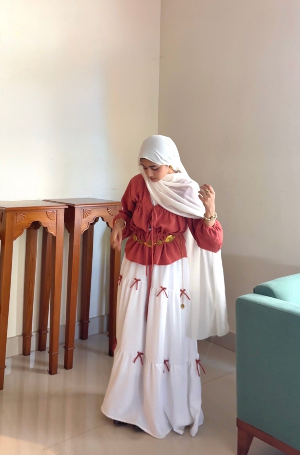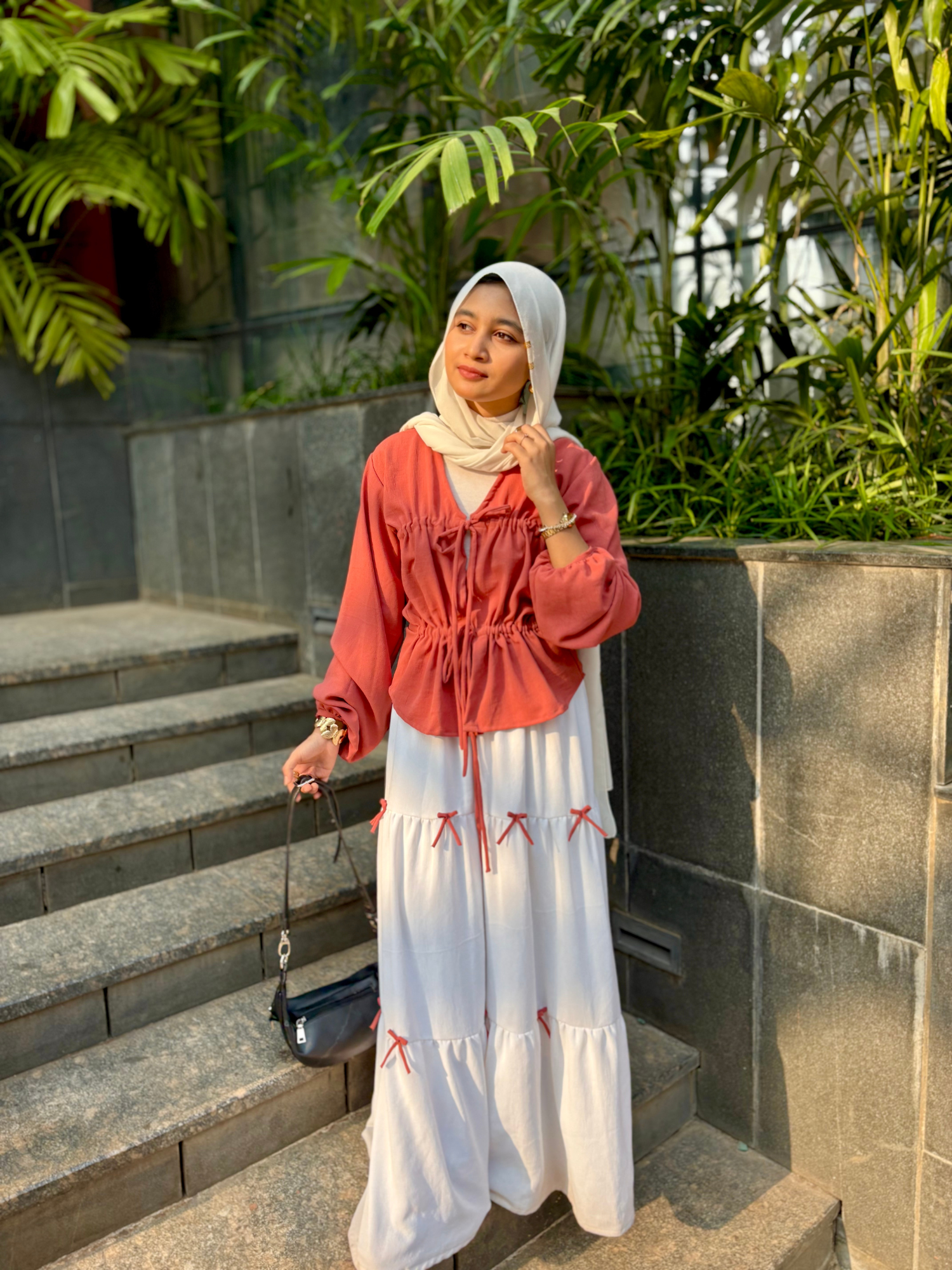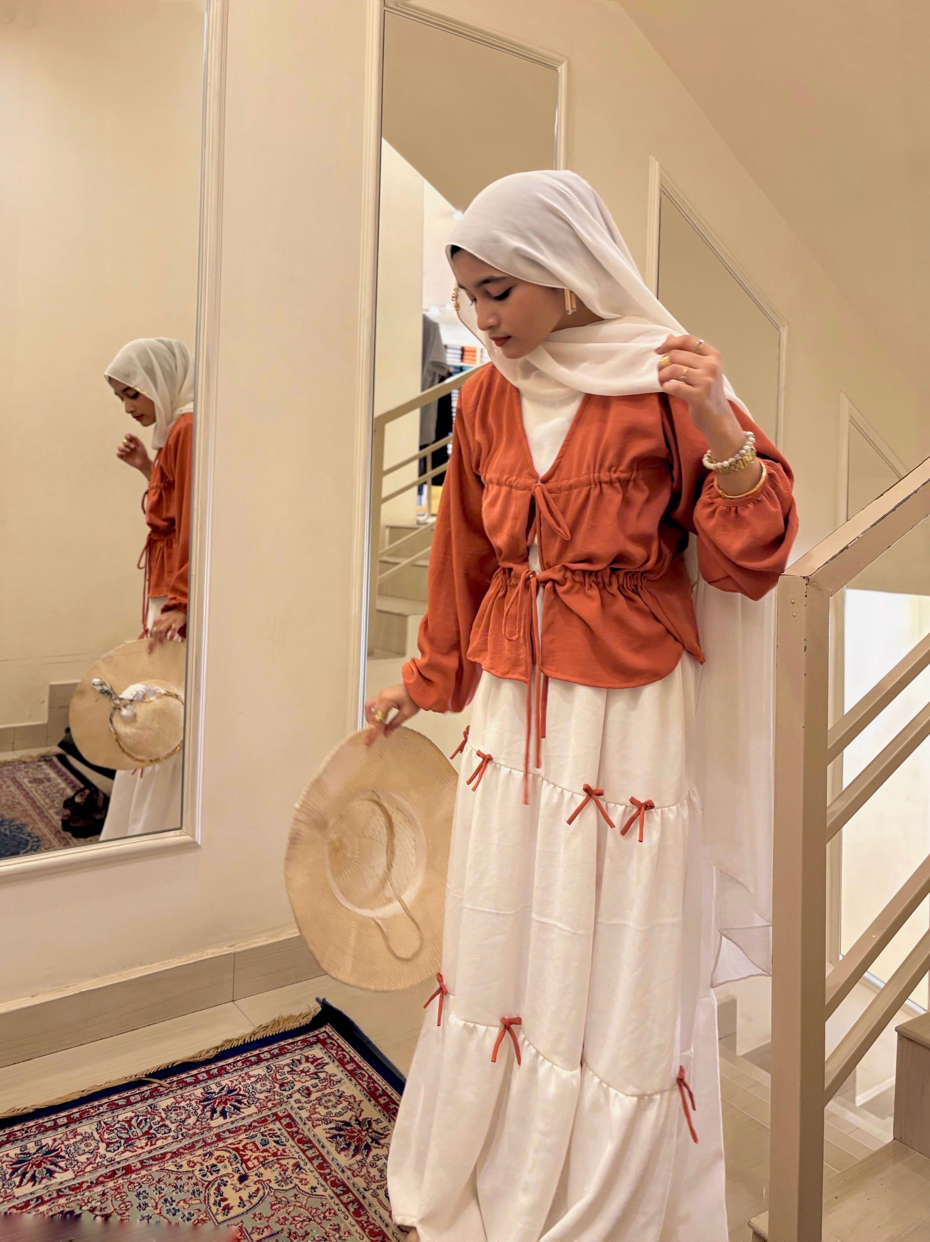 Embrace soft elegance with this rust drawstring top and white tiered maxi skirt set, designed for women who love modern modest wear with an effortless, feminine mood. The warm rust tone adds depth and richness, while the flowing white skirt brings balance, lightness, and everyday grace, making it ideal for Indian weather and versatile styling.
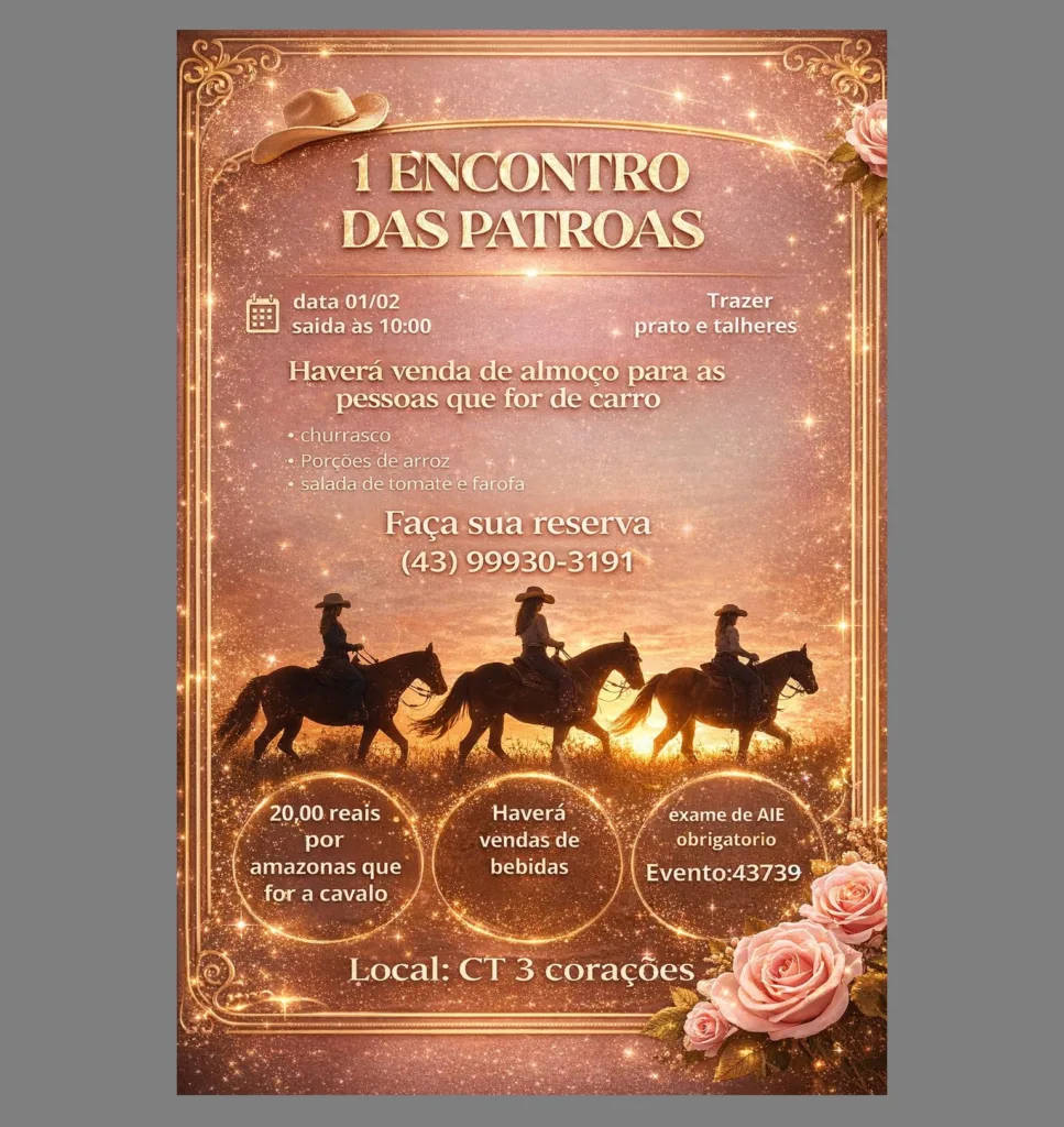 A saída da cavalgada está marcada para as 10h. O evento acontece no CT 3 Corações, localizado no bairro Romeópolis, no município de Arapuã. A organização orienta os participantes a levarem prato e talheres.
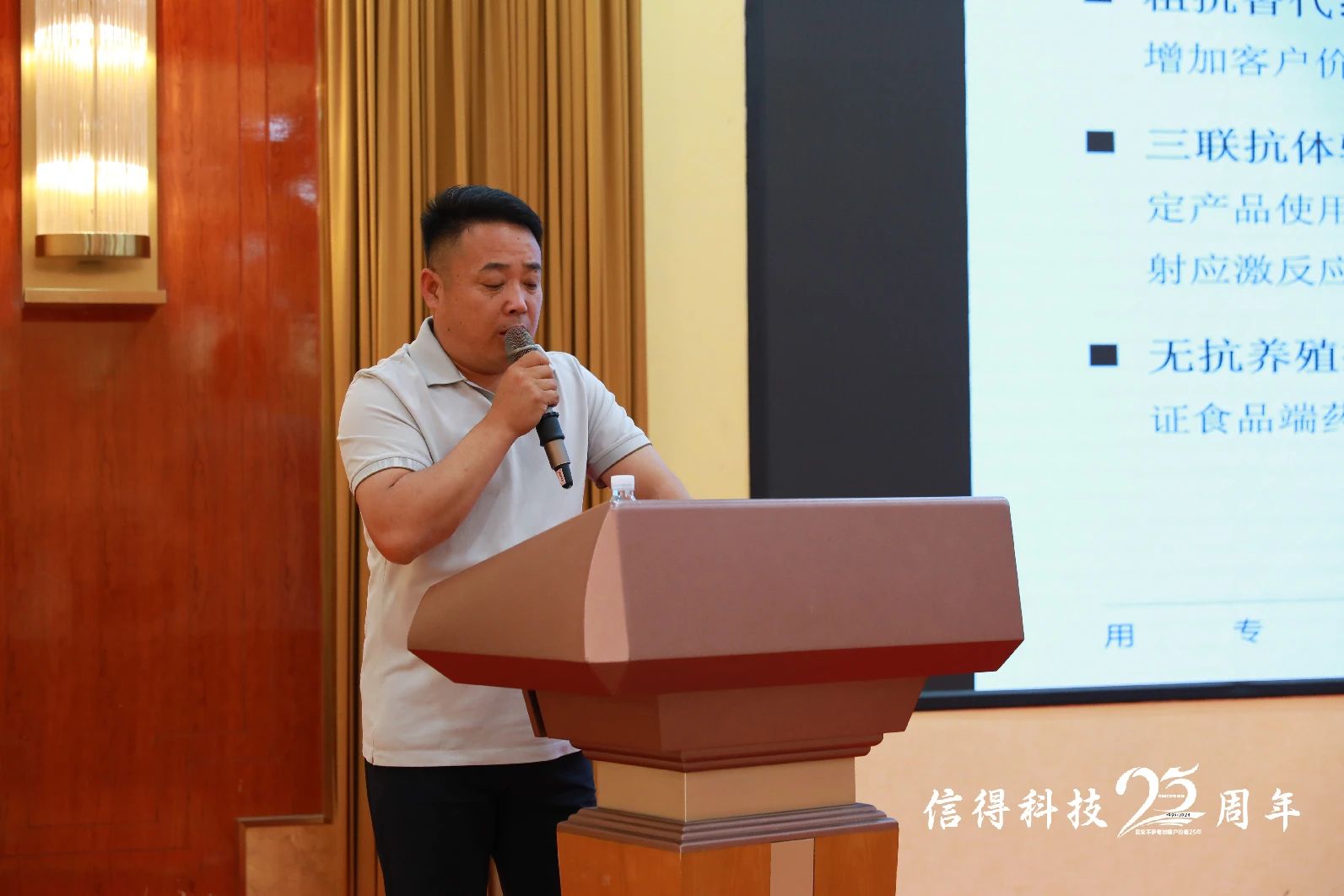 通过精准量化抗体效价,显著提升鸭肝抗体的稳定性,为养殖业提供更为有效的疾病防控方案,是信得科技产品经理吴庆海博士的追求目标。吴庆海博士综合讲解了鸭肝炎抗体及信得鸭肝炎抗体效价检测体系的新研究成果,并指出,抗体效价、毒株匹配度和超强毒是鸭肝炎防控中需要重点关注的三大问题,在养殖过程中,只有确保抗体效价达到标准,并与病毒毒株高度匹配,才能有效抵御病毒的侵袭。信得科技完成了多项鸭肝炎和呼肠孤试验,现已能够通过防控方案定制、技术服务跟踪,为客户提供完善的抗体服务体系。
——
TASK ITEM:
Would you retype each line above exactly and skip every image?

TASK ANSWER:
 Embrace soft elegance with this rust drawstring top and white tiered maxi skirt set, designed for women who love modern modest wear with an effortless, feminine mood. The warm rust tone adds depth and richness, while the flowing white skirt brings balance, lightness, and everyday grace, making it ideal for Indian weather and versatile styling.
 A saída da cavalgada está marcada para as 10h. O evento acontece no CT 3 Corações, localizado no bairro Romeópolis, no município de Arapuã. A organização orienta os participantes a levarem prato e talheres.
 通过精准量化抗体效价,显著提升鸭肝抗体的稳定性,为养殖业提供更为有效的疾病防控方案,是信得科技产品经理吴庆海博士的追求目标。吴庆海博士综合讲解了鸭肝炎抗体及信得鸭肝炎抗体效价检测体系的新研究成果,并指出,抗体效价、毒株匹配度和超强毒是鸭肝炎防控中需要重点关注的三大问题,在养殖过程中,只有确保抗体效价达到标准,并与病毒毒株高度匹配,才能有效抵御病毒的侵袭。信得科技完成了多项鸭肝炎和呼肠孤试验,现已能够通过防控方案定制、技术服务跟踪,为客户提供完善的抗体服务体系。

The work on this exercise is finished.